- **EXERCISE**
Set down every entry exactly as given. Pictures are to be left out.

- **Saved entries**
....

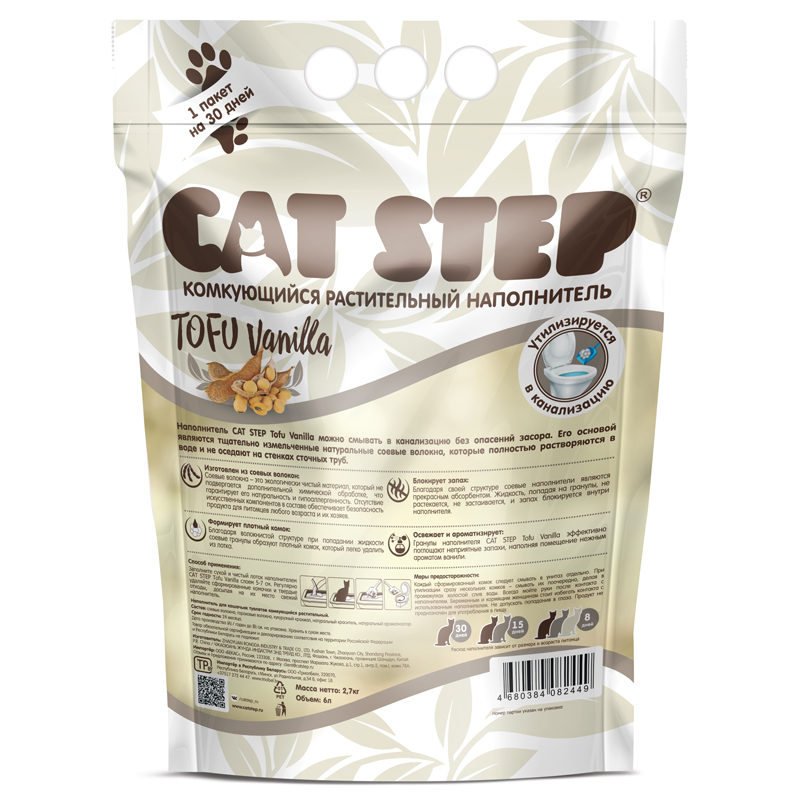 Растительные волокна, которые являются основой наполнителя CAT STEP Tofu Vanilla, легко растворяются в воде, поэтому его можно смывать в канализацию без опасений. Растительные волокна – это натуральный и экологически чистый материал, который не подвергается химической обработке, что гарантирует его гипоаллергенность и безопасность для питомцев и их хозяев. Благодаря волокнистой структуре при попадании жидкости растительные гранулы образуют плотный комок, который легко удалить из лотка. Жидкость, попадая на гранулы, не растекается, не застаивается, и запах блокируется внутри наполнителя. Легкий аромат ванили освежает помещение, а оригинальный оттенок наделяет продукт особой эстетикой. Заполните сухой и чистый лоток наполнителем CAT STEP Tofu Vanilla слоем 5-7 см. Регулярно удаляйте комочки и экскременты, досыпая на их место свежий наполнитель. Использованный наполнитель можно смывать в унитаз. Объем: 6 л.
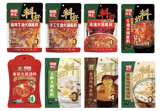做出健康化升级的锅圈底料并非只有牛油锅底这一款。目前在售的锅圈火锅底料中,包括川麻小方砖、清油、重庆老炮、藤椒、番茄等在内的多种口味产品,都在近期进行了产品升级,并在包装的显眼位置做出了零添加标识。
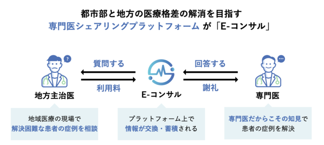 『E-コンサル®︎』は開業医や医療機関に在籍する医師が1対1で、院外や遠方の専門医にチャット機能及びビデオ通話により、コンサルを受けることが可能なプラットフォーム。従来の院内専門医コンサルと同様に自身の専門外の領域に関するアドバイスや、経験豊かな院外の医師からのセカンドオピニオンを得られる。
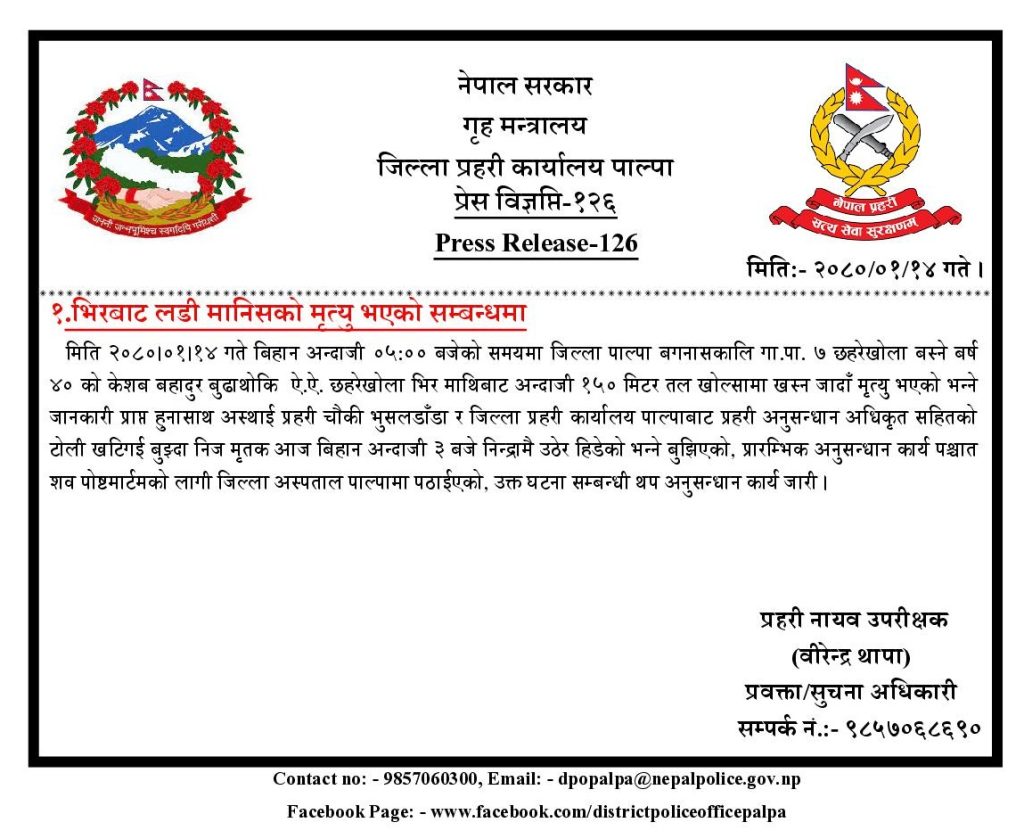 विज्ञप्तिमा भनिएको छ, ‘केशवबहादुर बुढाथोकी बिहीबार बिहान करीव ३ बजे निद्रामै उठेर हिँडेको भन्ने बुझिएको, प्रारम्भीक अनुसन्धान कार्य पश्चिात शव पोष्टमार्टमको लागि जिल्ला अस्पताल पाल्पा पठाइएको छ ।’
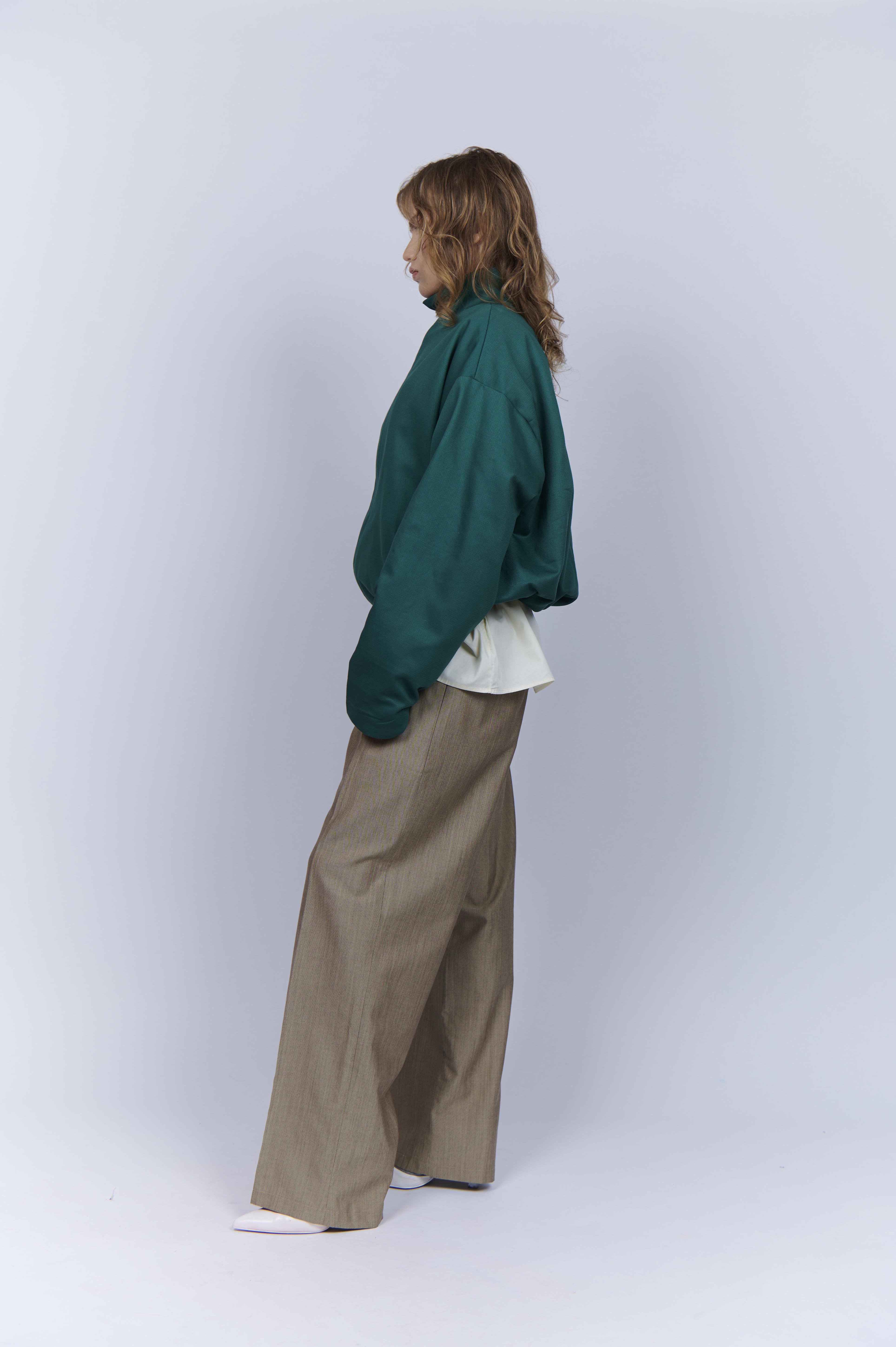 Tiene dos bolsillos profundos escondidos en las costuras de los laterales, amplitud en el medio de espalda y mangas con pliegue hacia el frente.

....

- **TASK RESPONSE**
 Растительные волокна, которые являются основой наполнителя CAT STEP Tofu Vanilla, легко растворяются в воде, поэтому его можно смывать в канализацию без опасений. Растительные волокна – это натуральный и экологически чистый материал, который не подвергается химической обработке, что гарантирует его гипоаллергенность и безопасность для питомцев и их хозяев. Благодаря волокнистой структуре при попадании жидкости растительные гранулы образуют плотный комок, который легко удалить из лотка. Жидкость, попадая на гранулы, не растекается, не застаивается, и запах блокируется внутри наполнителя. Легкий аромат ванили освежает помещение, а оригинальный оттенок наделяет продукт особой эстетикой. Заполните сухой и чистый лоток наполнителем CAT STEP Tofu Vanilla слоем 5-7 см. Регулярно удаляйте комочки и экскременты, досыпая на их место свежий наполнитель. Использованный наполнитель можно смывать в унитаз. Объем: 6 л.
做出健康化升级的锅圈底料并非只有牛油锅底这一款。目前在售的锅圈火锅底料中,包括川麻小方砖、清油、重庆老炮、藤椒、番茄等在内的多种口味产品,都在近期进行了产品升级,并在包装的显眼位置做出了零添加标识。
 『E-コンサル®︎』は開業医や医療機関に在籍する医師が1対1で、院外や遠方の専門医にチャット機能及びビデオ通話により、コンサルを受けることが可能なプラットフォーム。従来の院内専門医コンサルと同様に自身の専門外の領域に関するアドバイスや、経験豊かな院外の医師からのセカンドオピニオンを得られる。
 विज्ञप्तिमा भनिएको छ, ‘केशवबहादुर बुढाथोकी बिहीबार बिहान करीव ३ बजे निद्रामै उठेर हिँडेको भन्ने बुझिएको, प्रारम्भीक अनुसन्धान कार्य पश्चिात शव पोष्टमार्टमको लागि जिल्ला अस्पताल पाल्पा पठाइएको छ ।’
 Tiene dos bolsillos profundos escondidos en las costuras de los laterales, amplitud en el medio de espalda y mangas con pliegue hacia el frente.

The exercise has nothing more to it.